(Collected data)
++++++++++

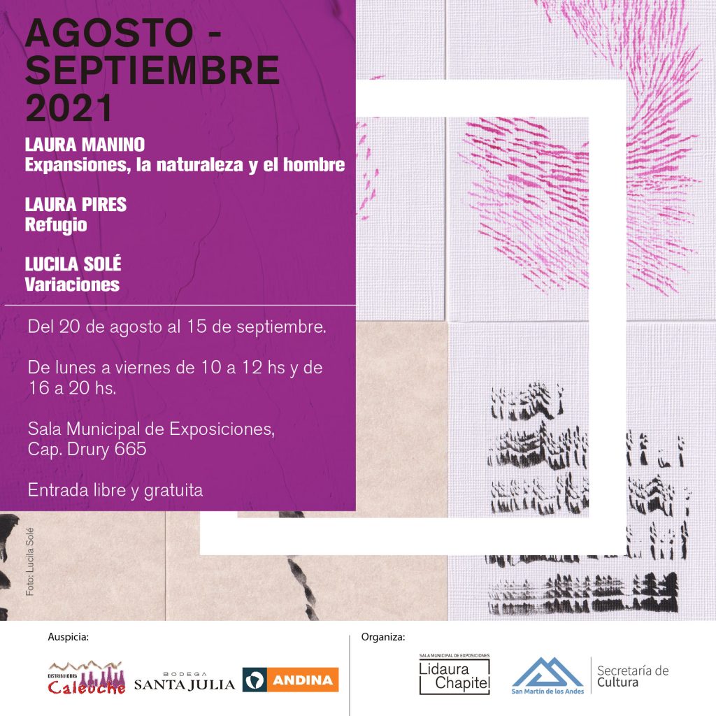 El próximo 20 de agosto abre una nueva exposición en la Sala Municipal Lidaura Chapitel, que estará disponible al público hasta el 15 de septiembre. La misma reune obras de tres artístas y podrá ser visitada de lunes a viernes de 10 a 12hs y de 16 a 20hs. La entrada es libre y gratuita, cumpliendo con el protocolo sanitario.
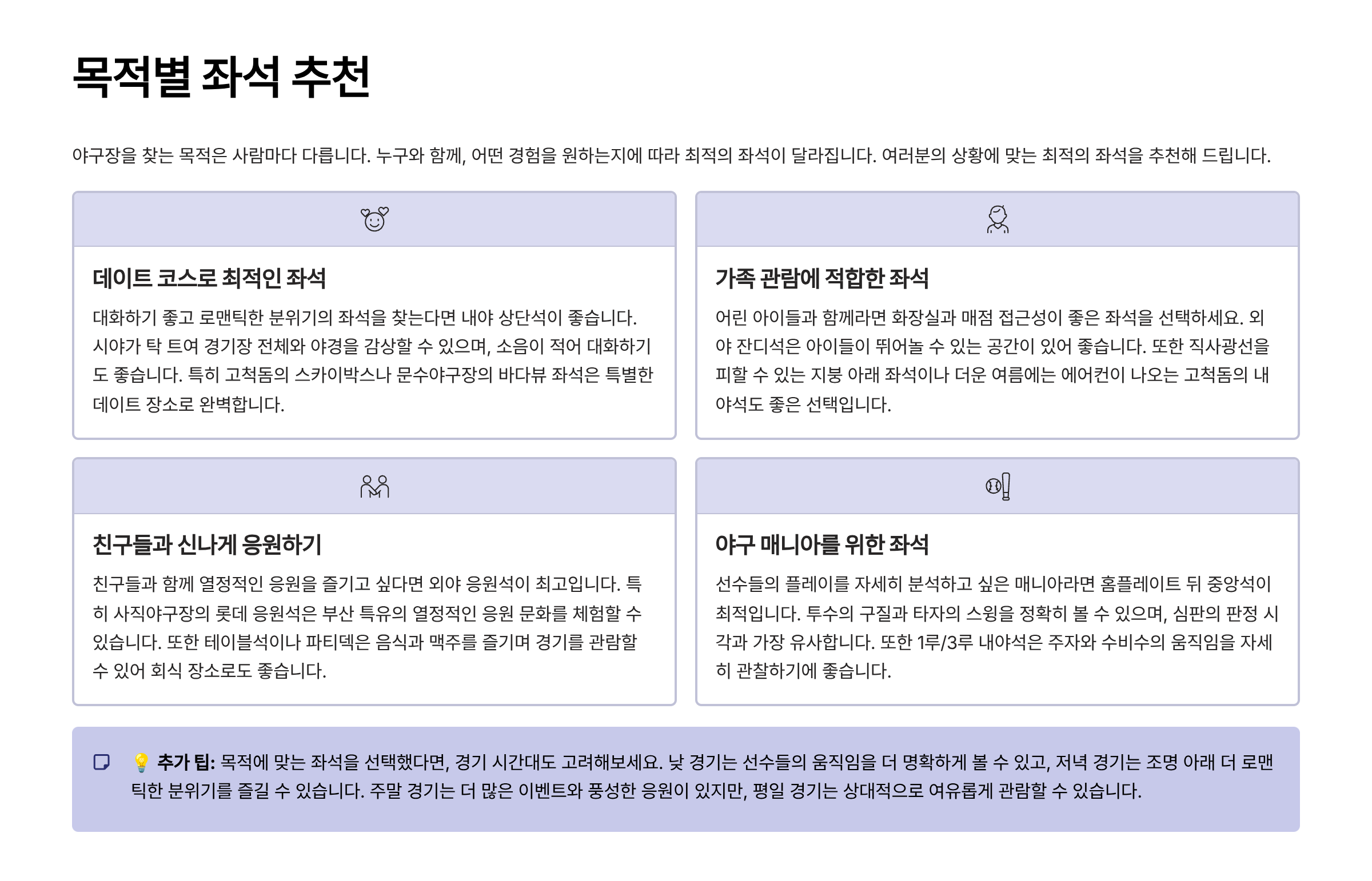 불꽃야구 직관의 목적에 따라 최적의 좌석이 달라집니다. 혼자 조용히 보고 싶은지, 가족과 함께 편하게 보고 싶은지, 아니면 열정적으로 응원하고 싶은지에 따라 선택해야 할 자리가 완전히 다르죠.
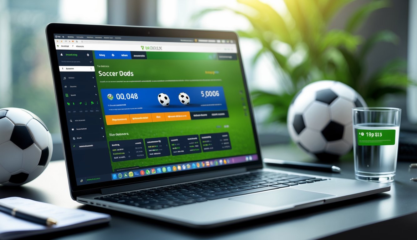 Seorang pria menggunakan laptop dan ponsel untuk memasang taruhan sepak bola di sebuah meja kerja modern.
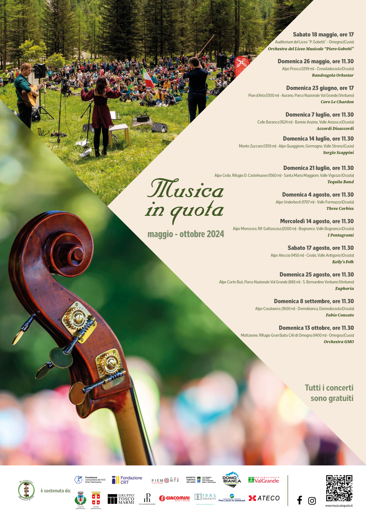 Il programma completo della stagione 2024 è disponibile sul sito web www.musicainquota.it.
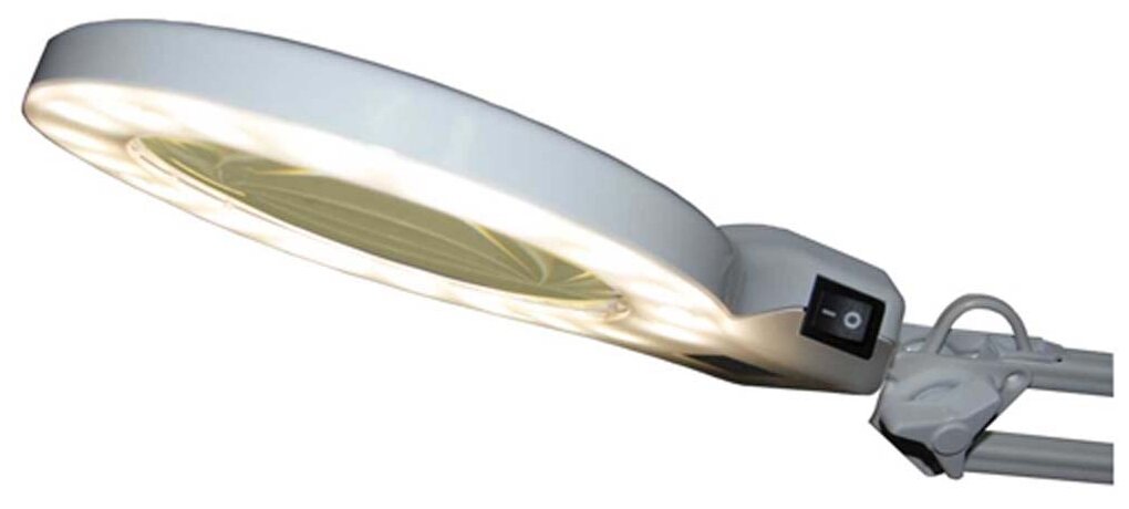 Лучшие цены. Светодиодный светильник для работы с мелкими деталями: для рукоделия, творчества, ювелирных и часовых мастерских, с увеличительной линзой. Мощность 8 Вт, диаметр линзы 127 мм, светодиодная подсветка по периметру линзы. Лупа увеличивает объект рассмотрения в 2 раза по диаметру 12 см, а встроенная в нее малая лупа увеличивает нужные области в 9 раз, если нужно приглядеться. Магазины в вашем городе.

++++++++++

*Task to carry out*. Go through the entries and retype them exactly, except for the images.

*Completed exercise*.
 El próximo 20 de agosto abre una nueva exposición en la Sala Municipal Lidaura Chapitel, que estará disponible al público hasta el 15 de septiembre. La misma reune obras de tres artístas y podrá ser visitada de lunes a viernes de 10 a 12hs y de 16 a 20hs. La entrada es libre y gratuita, cumpliendo con el protocolo sanitario.
 불꽃야구 직관의 목적에 따라 최적의 좌석이 달라집니다. 혼자 조용히 보고 싶은지, 가족과 함께 편하게 보고 싶은지, 아니면 열정적으로 응원하고 싶은지에 따라 선택해야 할 자리가 완전히 다르죠.
 Seorang pria menggunakan laptop dan ponsel untuk memasang taruhan sepak bola di sebuah meja kerja modern.
 Il programma completo della stagione 2024 è disponibile sul sito web www.musicainquota.it.
 Лучшие цены. Светодиодный светильник для работы с мелкими деталями: для рукоделия, творчества, ювелирных и часовых мастерских, с увеличительной линзой. Мощность 8 Вт, диаметр линзы 127 мм, светодиодная подсветка по периметру линзы. Лупа увеличивает объект рассмотрения в 2 раза по диаметру 12 см, а встроенная в нее малая лупа увеличивает нужные области в 9 раз, если нужно приглядеться. Магазины в вашем городе.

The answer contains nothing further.